Tomorrow is the first night of Hanukah. It also happens to be the first year my kids are old enough to understand the concept of holidays. So I’m really looking forward to the beautiful moment when I tell them, for the first time, the story behind the Jewish festival of lights – the thrilling tale of how, 2,500 years ago, a small group of Jews called the Maccabees recaptured their temple from the Syrians and the oil inside that was supposed to last for one day burned instead for eight whole days – and they reply with that time-honoured question: “Uh-huh, so how many days until Christmas?”
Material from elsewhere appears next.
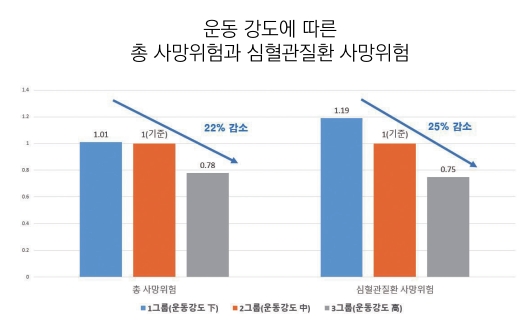 그림 1. 운동강도에 따른 비후성심근증 환자의 총 사망위험과 심혈관질환 사망위험운동강도가 높을수록 사망 위험이 낮다.
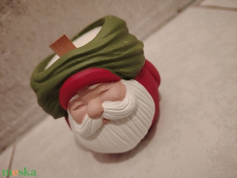 - Anyaga: kerasoy container szójaviasz, kerámiapor, akril festék, vízálló matt lakk, fakanóc fém talppal

The Jews are a people of suffering; pretty much all our holidays are based on this: “Now it’s time to celebrate / Grab a drink and fix a plate / But before you feel too great/ Remember that we suffered – hey!” as Patti LuPone memorably sang on the unsurpassably brilliant Crazy Ex-Girlfriend. This is just one of the many reasons it’s hard to convince Jewish children to get excited about, say, Passover, a spring holiday commemorating the tears of enslaved ancestors, instead of the Other Spring Holiday, which involves multicoloured eggs and chocolate: “Hey kids, I know the Christians are offering you bunnies and jelly beans, but check out my Passover Seder plate – I got horseradish and a lamb’s bone for you!” Bigging up Jewish holidays basically turns you into that weird neighbour who at Halloween tries to convince local kids to come trick or treating at her house by promising travel-sized toothpastes and old fruit.